I shook my head and exhaled, "I'm used to it."

A sympathetic look took over Aurora's face, but she didn't ask me more. It's a few hours after everything that went down. Perhaps maybe eleven in the morning. Aurora and I were undressing to get in the shower when she began to look over the bruises over my body.

The moment Phoebe left me alone I had put myself into a fetal position— my nails digging into my arms that drew blood.

It wasn't intentional self harm. It was just a coping mechanism I picked up over time.

"Why do you do it?" Aurora asked, enveloping my naked, exposed body into her own.

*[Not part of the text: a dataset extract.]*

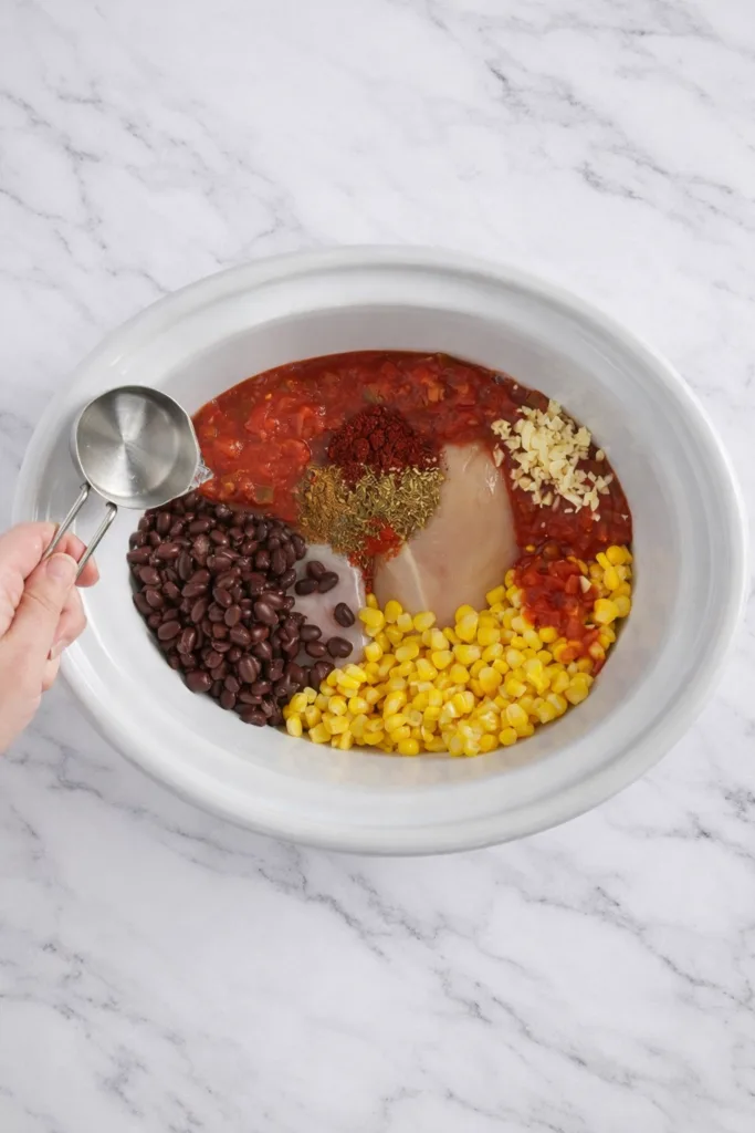 2. Add drained black beans, salsa, corn, water, garlic, and all spices to slow cooker.

I broke our eye contact in the mirror to look off at other things in the bathroom, "I began doing it after my first break up. S—she . . . um she was abusive in more ways than one and when she wasn't around I would hug myself. It was like a way of being told that 'I was enough' and more than what she made me feel like. Nobody was aware of our situation. I was too scared to speak on it, so it was nice to have some kind of comfort." I sighed and tucked some of my hair behind mg ear.

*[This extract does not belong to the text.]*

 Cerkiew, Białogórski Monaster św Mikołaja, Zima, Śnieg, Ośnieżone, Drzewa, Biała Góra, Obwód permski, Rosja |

"Over time. . . it just sort of got more aggressive. The hugs were starting to feel like nothing, so I thought that if I held myself tighter that I would feel something. I hadn't felt the need to do that since . . . well you know."

Eventually, my eyes skated back towards hers and I had noticed the tears that began to form in them. She hugged me from behind and leaned her head on my shoulder as she spoke.

"I'm so sorry that I made you feel like that. It wasn't my intention, and I would never want to see you harm yourself because of me. Never. Intentionally or not, bebé. I love you." her tears slid down my naked skin and I allowed them to as I took in her refreshing words.

It was nice to have this assurance.

And it felt like the truth.

"I love you too, Ro. Much more than you think." I breathed out.

The wetness on my shoulder was soon replaced with something else; kisses. Aurora left kisses all over my shoulder and neck, sucking in places she felt the need to.

"Let me show you how much I love you." she muttered passionately into my ear.

So I let her.

Everything about what she did this time was much more passionate than before. She wasn't rough— well not in a way that made me feel smaller than myself— and she was slow with her movements, wanting me to feel everything in every which position.

It was now the third time that I had orgasmed, and yet the blonde was still kneeled before me with her lips connected to my swollen clit.

I begged for her to stop, but I didn't really want her to. And she knew that. If I really was uncomfortable with these conditions then all I had to do was say the safe word.

But I didn't utter the word once because there was something about the glint in her eyes that I loved as she watched me beg.

She adored my whimpers and trembling.

A high-pitched moan left my mouth that I quickly covered with my hand to prevent alerting the sleeping child that was on the other side of the apartment.

"Ro." I stuttered out, feeling myself close to release.

Her focus on my lower body never halted, "I know, cara. Let it out baby. I'm here . . . right here."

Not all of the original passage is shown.